Hellfire Hot Sauce

Steve MerrymanAttitude2 Comments

fires of hell graphic

Hellfire hot sauce is made from the Carolina Reaper, the hottest pepper in the world (1.58 million Scoville Units). It seems that someone is always claiming that X-pepper is “the hottest in the world.” For a while it was ghost pepper this and ghost pepper that. Personally, I’m happy the Ghost Pepper is out on the street, a has-been. I never cared for Bhut jolokia. It had a too smoky flavor with an aftertaste I can only describe as slightly muddy.

Hellfire hot sauce
Nuke your gut from orbit, it’s the only way to be sure.

Also, aside from sounding vaguely like a regional serial killer, the Carolina Reaper is a super awesome name for a hot pepper. And I have to admit, using the phrase, “what this [insert food item here] needs is a little Hellfire!” has a certain amount of swagger built in.

What’s Hellfire hot sauce like? Well, you know that alien from the movies, the one with acid for blood that burns through floors of iron planking? Yep.

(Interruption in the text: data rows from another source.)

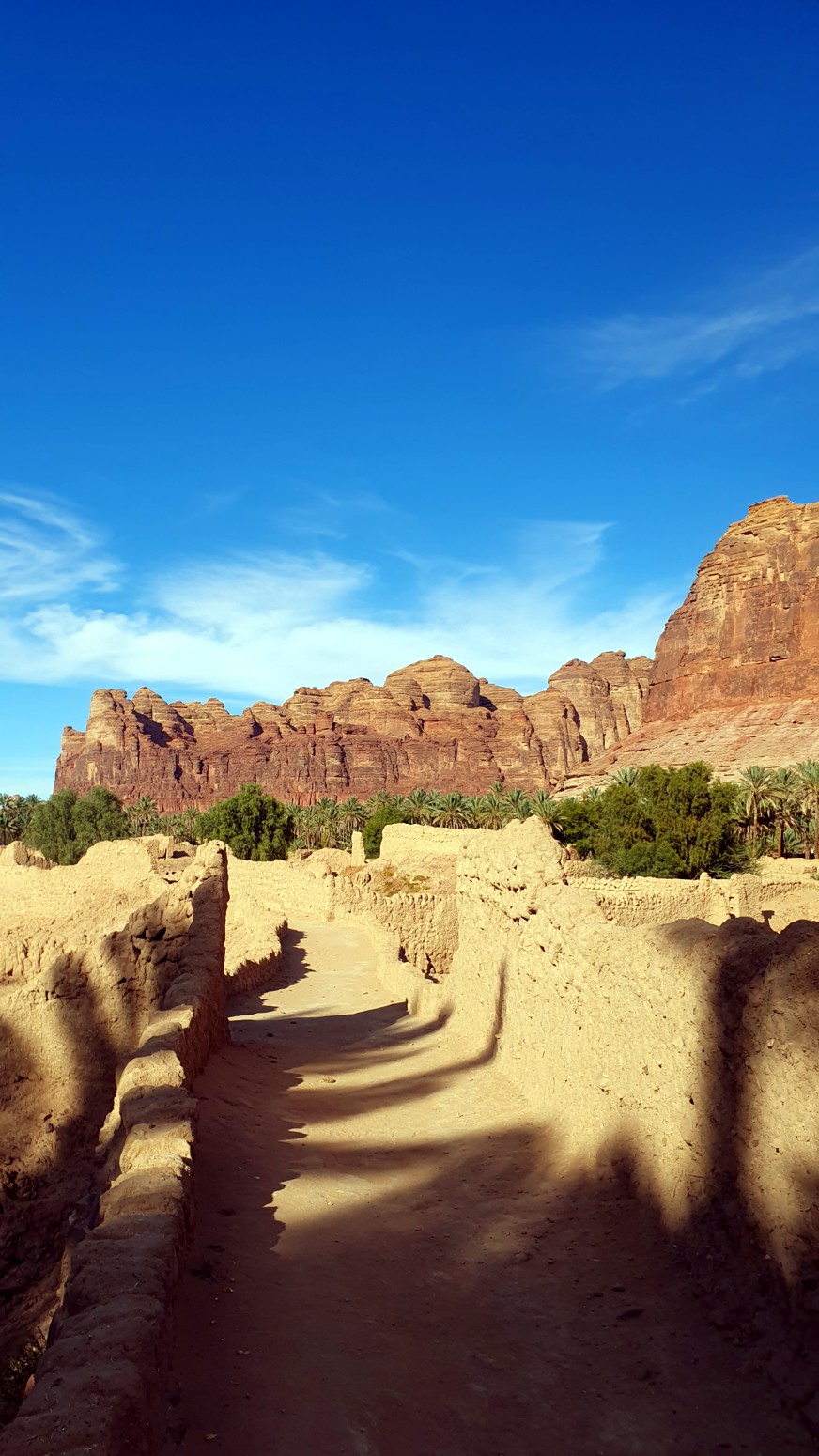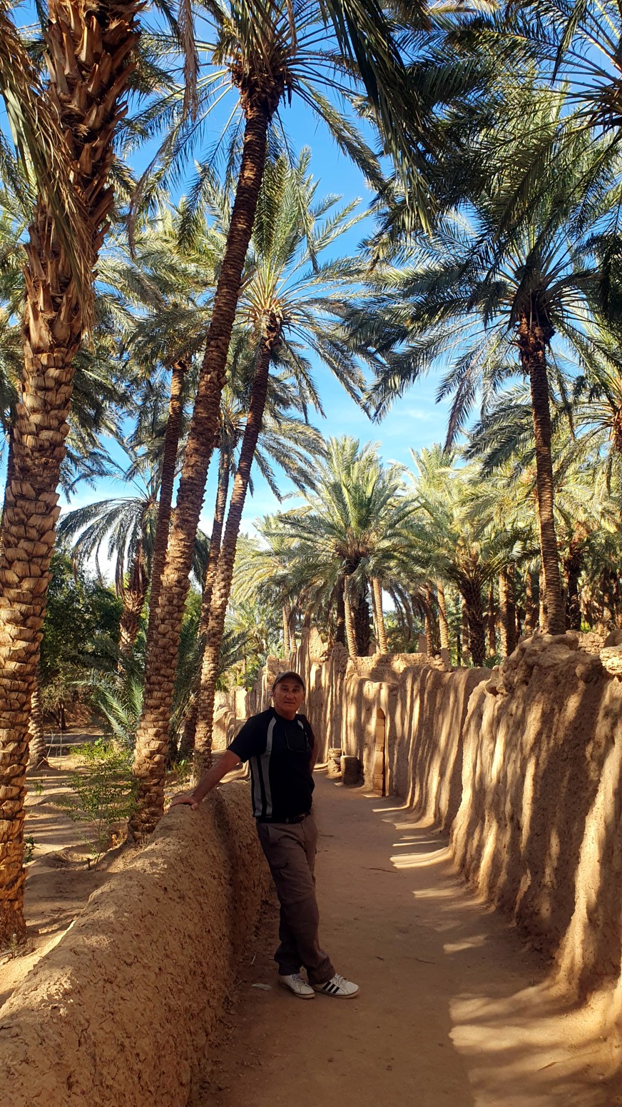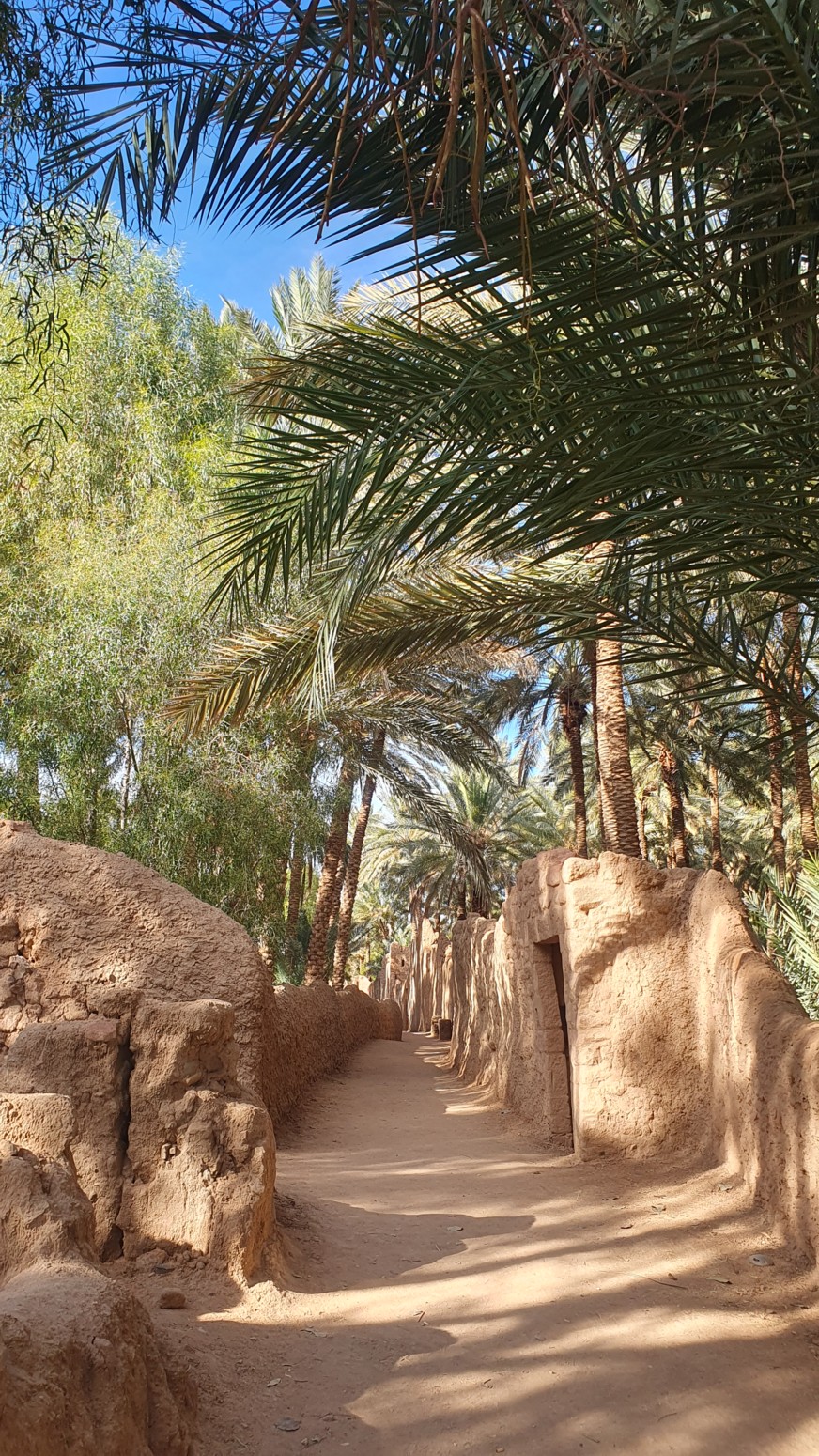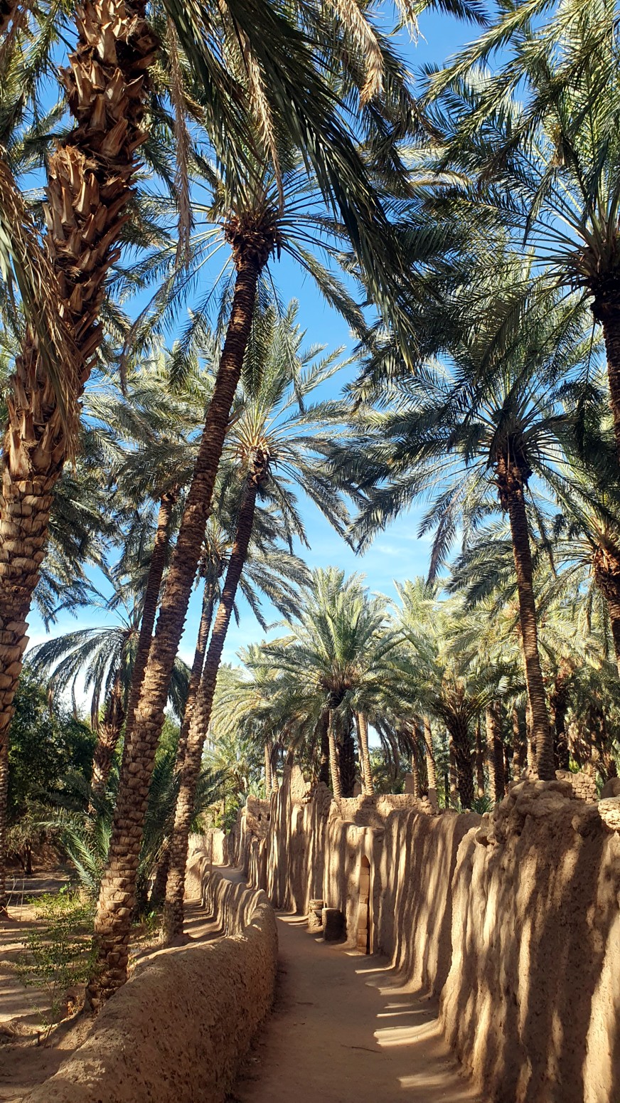 Este camino serpentea entre antiguas construcciones, palmeras datileras, huertos y sistemas de riego tradicionales que han mantenido este
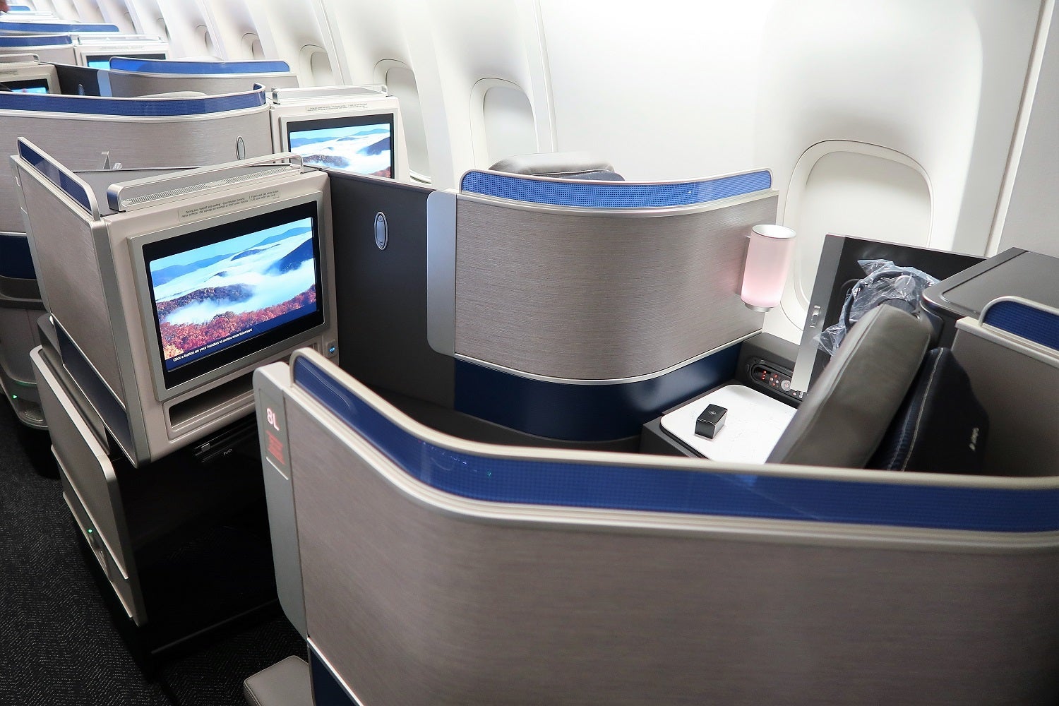 United 777-200 772 Polaris business class window seats in the forward cabin
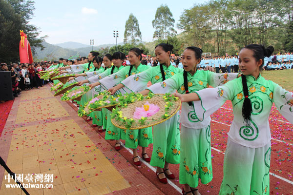 古竹頂新中學學生在剪彩儀式后表演客家舞蹈“請到客家土樓來做客”(中國臺灣網 蕪同 攝)
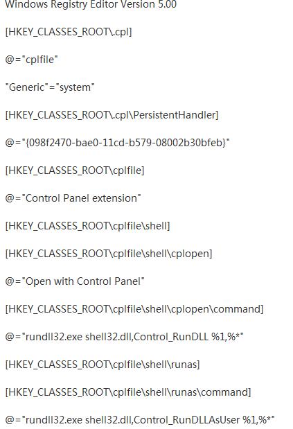 新建txt文本文档,将以下文字复制到txt文档中,并将文件重命名为cpl.reg(去掉原txt后缀)保存。双击cpl.reg导入注册表。
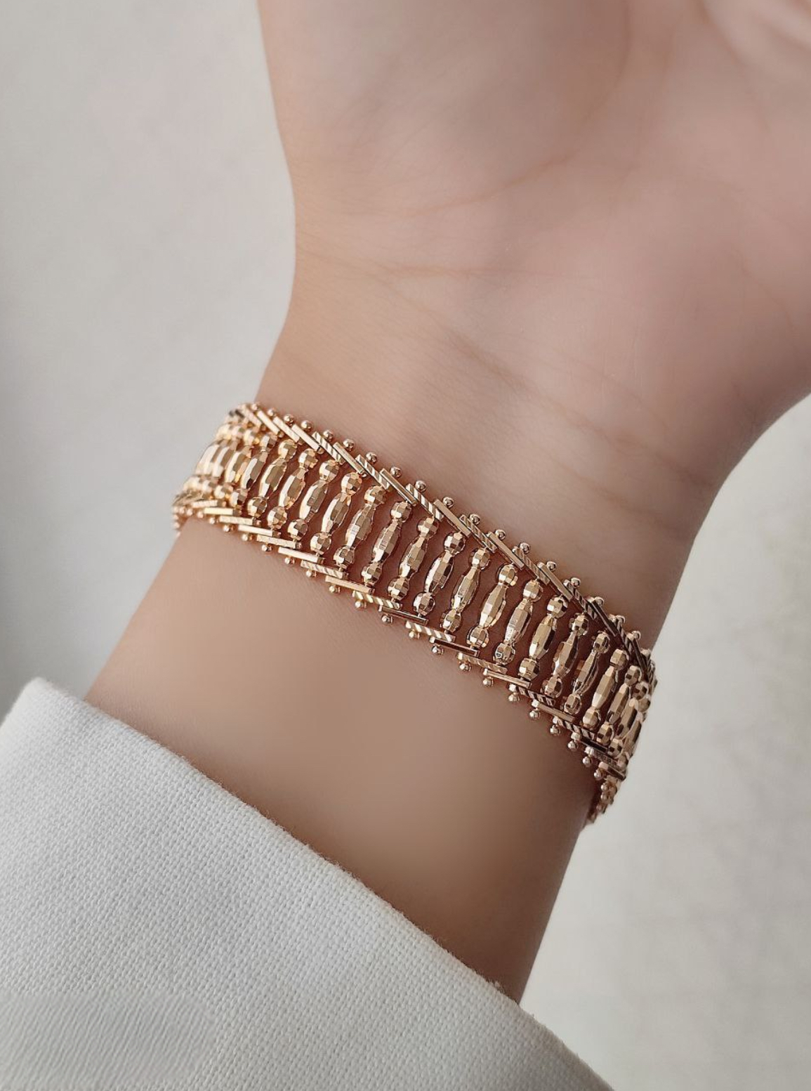 دستبند ژوپینگ پهن با طراحی مدرن و شیک، انتخابی عالی برای خانمهایی است که به دنبال استایلی خاص و متفاوت هستند. مدل نگیندار آن با درخشش بینظیر، جلوهای مجلسی و لوکس دارد، در حالی که مدل سادهاش بهراحتی با هر استایل روزمره یا رسمی ست میشود.
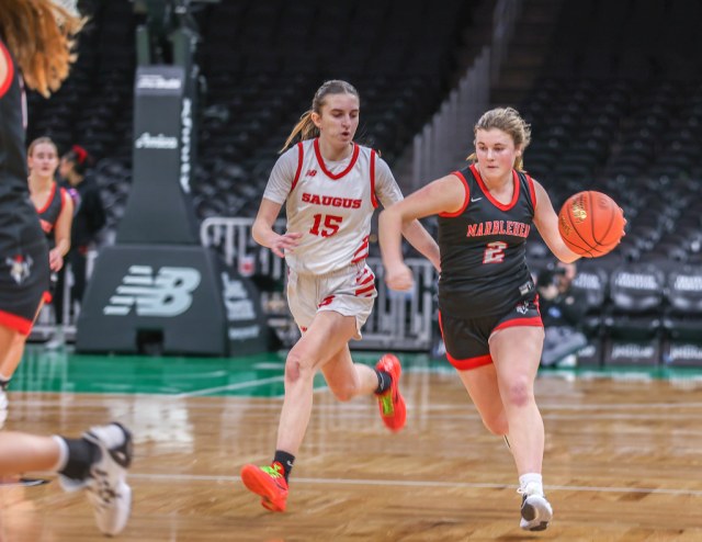 Mahan came through with three points, followed by Schmitt and Moran with two each. In this game, Marblehead had the lead at halftime, 21-15.
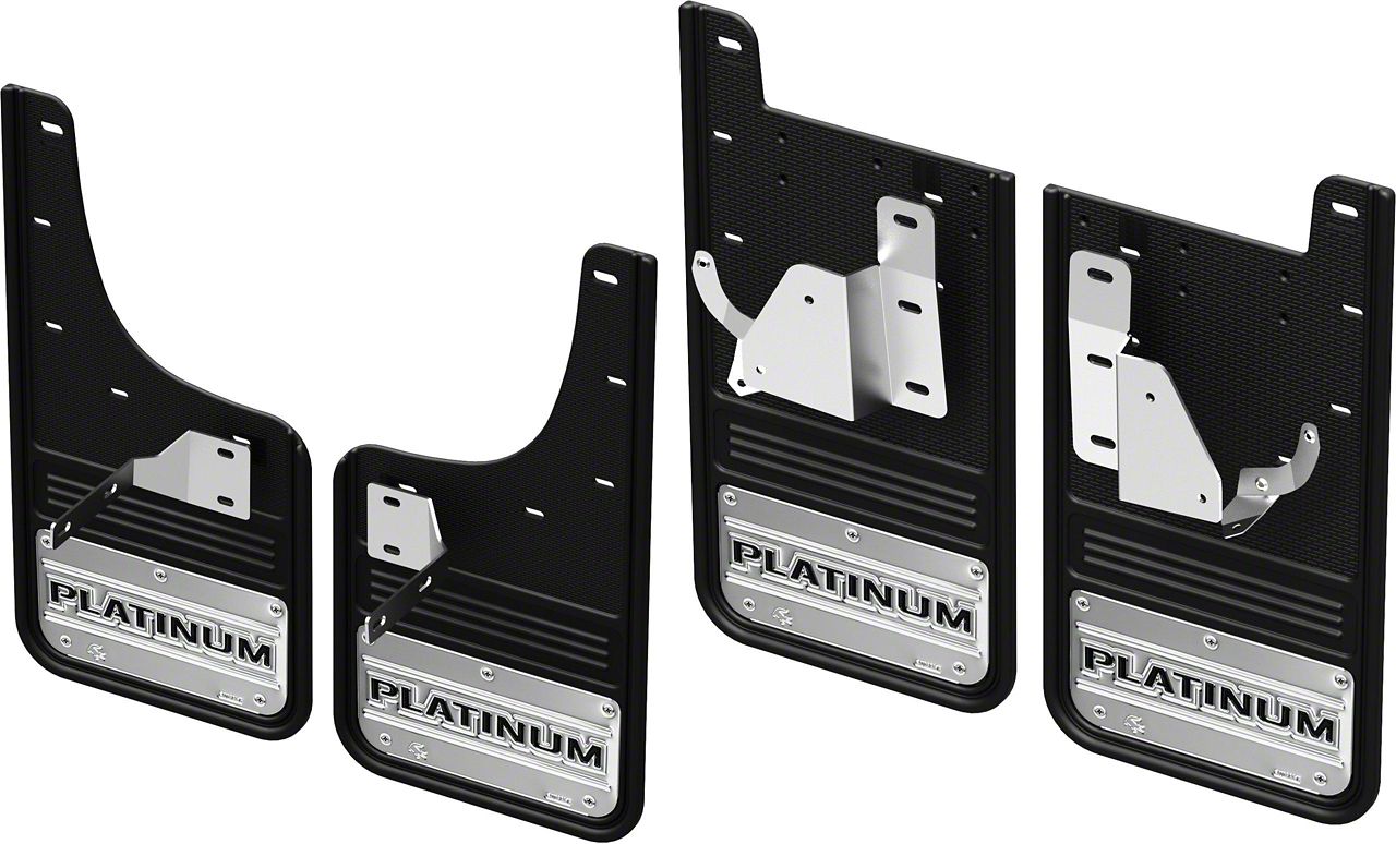 The Platinum logo Gatorback Mud Flap set for the Ford F-250 Super Duty or F-350 Super Duty(single rear wheel) are designed for a perfect fit. These mud flaps will add a level of funtionality to your vehicle while also giving it a unique look. The 12" wide heavy rubber mud flaps will protect your vehicle from rocks, mud, gravel, snow and more. You will see your vehicle staying cleaner longer, less junk on your step bars, as well as fewer rock chips on the paint. The Gatorback series mud flaps are the industries highest quality, heavy duty mud guards! The rugged design and quality finish of these mud flaps make the perfect compliment to your truck. Featuring a 1/2" thick rubber flap, these mud flaps are sure to impress while they protect your investment.The Platinum logo is officially licensed through Ford Accessories ensuring it looks perfect and is die stamped into the stainless steel plate with a hand applied vinyl overlay. The stainless plate is 10 1/4" x 5" . You will appreciate the attention to detail in these flaps.Installation is made simple featuring no body drilling using factory exisiting fastereners and mounting locations. If there are not any fasteners the flaps will come with the needed hardware and brackets for solid installation. Ford Accesories also test fits the flaps on each model year vehicle ensuring the fitment of the product. Installation takes about 15 mins per flap and you can use tools you have at home. The Gatorbacks install flush to the inside of the wheel well so they work with step bars, power boards or side steps. The mudflaps also feature a lifetime warranty on the rubber portion of the flap. If the flap comes off the truck or is damaged to due to normal wear and tear, let us know and we will send you a replacement piece of rubber at no charge.Manufacturer Warranty-Gatorback mudflaps are backed by a Limited lifetime warranty. This warranty covers rubber replacement (ex- tear offs) for the lifetime of the product to the original owner. It does not cover damage caused by abuse, or regular wear and tear on brackets, plates, or mounting hardware.
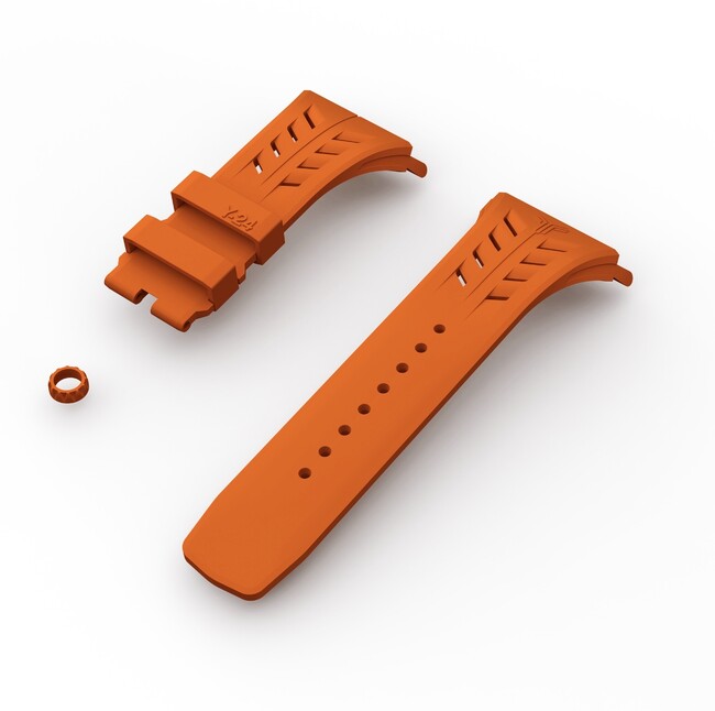 極めて軽量で柔軟、そして弾力のあるシリコンストラップが完璧なフィット感を実現させます。また、シリコンが持つ耐候性、生体適合性により、様々な外部環境にも対応し腕に一切の影響を与えず、安全且つ快適に使用していただけます。
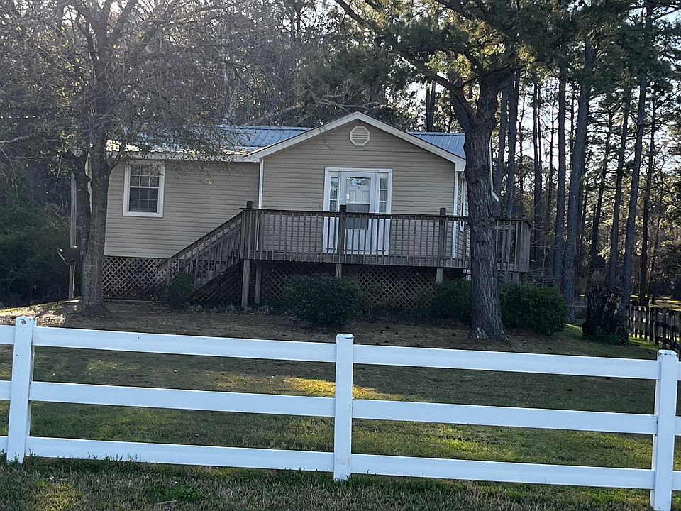 Cute cottage style home across the road from Fish River. The porch on the home gives you a beautiful sight of Fish River and the woods that surround the home. You have the serenity of country living with the convenience of being close to Fairhope, Foley and Gulf Shores. The home is Just down the road from Big Daddy's Restaurant off of Hwy 32 on the Fairhope side of Fish River. The home has 3 bedrooms, 2 full bathroom, open kitchen and living room. Both bathrooms have a tub with shower. Flooring is wooden laminate thru out the home and both bathrooms and kitchen have tile flooring. The washer and dryer connections are right off the kitchen. There are plenty of cabinets and storage space in this home. The appliances include an electric stove, microwave, dishwasher and is central H/AC. IT DOESN'T COME WITH A REFRIGERATOR. There is a nice a wooden porch across the front and one side of the home. You can enjoy the scenery around this home. Fish River and country living. It has a nice yard and storage under the home. City of Fairhope water, EMC for electricity and Solid Waste Disposal Authority for garbage pickup. It is a quiet neighborhood and has a country style of living. The rent is $1,800.00/month with a deposit of $1,800.00. Renter will pay a one time renter's application fee. Non-refundable Optional if 1 pet meets requirement. $200.00 Non-refundable Renter pays all utilities deposit to companies. 'Renter's will pay all repairs if more than deposit. Lease will be at least a 1 year. NO smoking in the home or within 50' on home.

Just like that.

Have too much (we’re talking drops here) and you’ll feel like they took Ripley’s advice and nuked your mouth from orbit, just to be sure.

It will burn through your twenty-five feet of intestines faster than a fat boy through Skittles.

I’m not kidding. Hellfire hot sauce will scour the insides of what’s left of your intestines, destroying all that’s left of any organic compounds, and I mean “organic” not in the sense of Hippy-Dippy It’s All Natural So It Must Be Good (like cyanide) sense, but in the chemistry sense of “anything containing carbon”. It will liquify your insides and pour them out a new orifice of its own creation. So if you’ve ever thought having one asshole was somehow limiting, this is the sauce for you.

It hurts me, therefore I love it

This is my new favorite extreme hot sauce. For the longest time, I’ve been a “Sudden Death” fan, and I still love it, but it’s time to hand the crown to new blood. At one drop per serving, I predict this one bottle will last a long time.

Believe it or not, this hot sauce has very good flavor. The trouble is (and this is true of ALL extreme hot sauces) with Hellfire the flavor is barely done introducing itself to you when the big fat heat pushes in, elbows his way past and heads straight for the buffet table. You try to stop him, but at that moment you sense your bowels are about to give way. Instead, you head for the crapper and miss the rest of the party weekend.

My nickname for Hellfire hot sauce is “El Bano” because that’s where I end up spending the next two days. That’s good. It gives me time to think, to reflect on the choices I made that led to me sitting there losing all feeling in my legs.

But Hellfire is too good and life too short for regrets. So no matter how many times it burns me, I circle back to that sinister bottle, moth/flame style.

Website: HellfireHotSauce.com (Note: They’ve got a Blueberry Hell Sauce that sounds delicious. It’s on my To-Get list. And the artwork on their labels is generally excellent!)